[Items listed in a dataset]
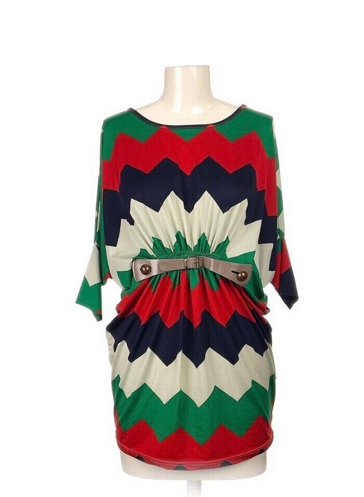 Renkli Desenli Bel Detaylı Tunik
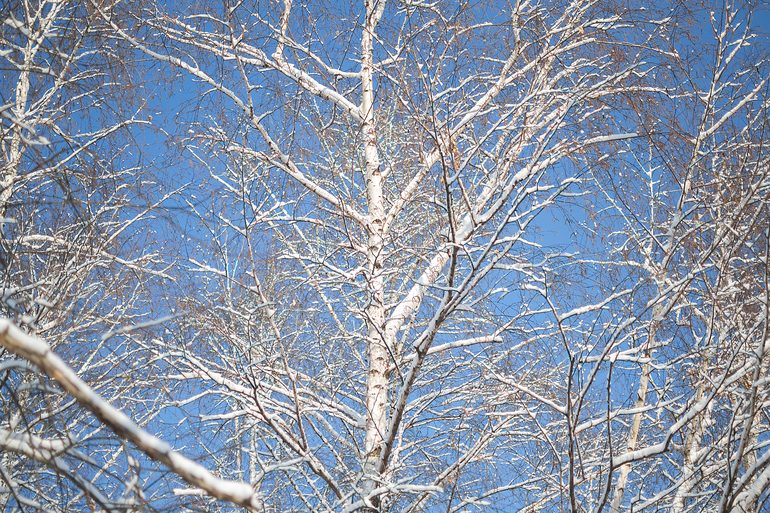 Снег осыпается с берез
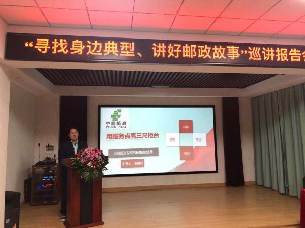 “寻找身边典型、讲好邮政故事”主题巡讲活动就是第二批“不忘初心、牢记使命”主题教育的重点活动之一。天津邮政成立了评委会,各单位按照市分公司要求从爱岗敬业、真情服务等5个方面寻找身边典型人物。各单位通过民主选举、逐级推荐,共选树出先进典型54人,经过两轮评审,共推选出来自不同专业的12名先进典型人物。公司党委还先后组织了两场“身边典型”劳模座谈会和典型事迹交流会。市分公司党委办公室配合市分公司工会撰写巡讲稿件,为12名先进典型人物录制了专题宣传视频,在各单位楼宇大厅和基层单位滚动播放,同时利用微信公众号及时宣传报道,号召全体员工关注并参与学习交流。市分公司工会成立了“身边典型”8人宣讲团,于第二批主题教育期间在各单位开展巡讲,与一线员工面对面交流经验,唱响主旋律,传递正能量,共同营造战胜困难、共谋发展的良好氛围。
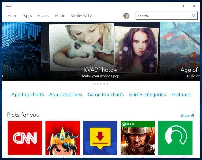 אפליקציית החנות היא המקום בו אתה מקבל יישומים אוניברסליים חדשים. זו הגרסה של Windows 10 ל- App Store באייפד או ב- Google Play במכשיר אנדרואיד. הוא בודק, מוריד ומתקין אוטומטית גרסאות מעודכנות של האפליקציות האוניברסליות הכלולות וכל היישומים שתתקין מהחנות.
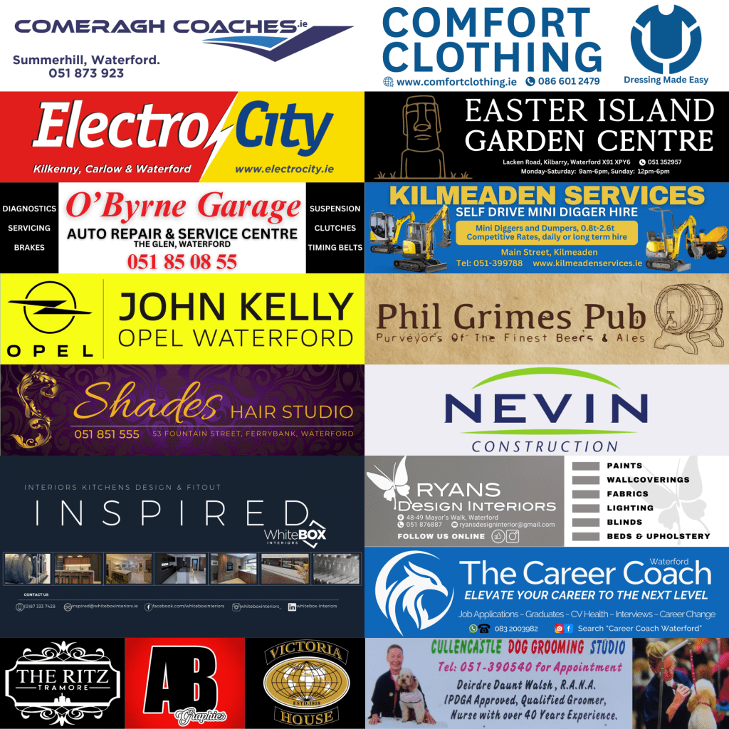 Note: With roadworks ongoing on the approach road to Portlaw until 7pm, you may be diverted or delayed with a Stop/Go system, so leave sufficient time to get there. Eircode for Portlaw AFC is X91 KH66.

What the exercise asks: The expected output is an exact copy of the lines from the top of the data above through the line containing "Снег осыпается с берез", both included, with every picture omitted.

Solution to the exercise:
 Renkli Desenli Bel Detaylı Tunik
 Снег осыпается с берез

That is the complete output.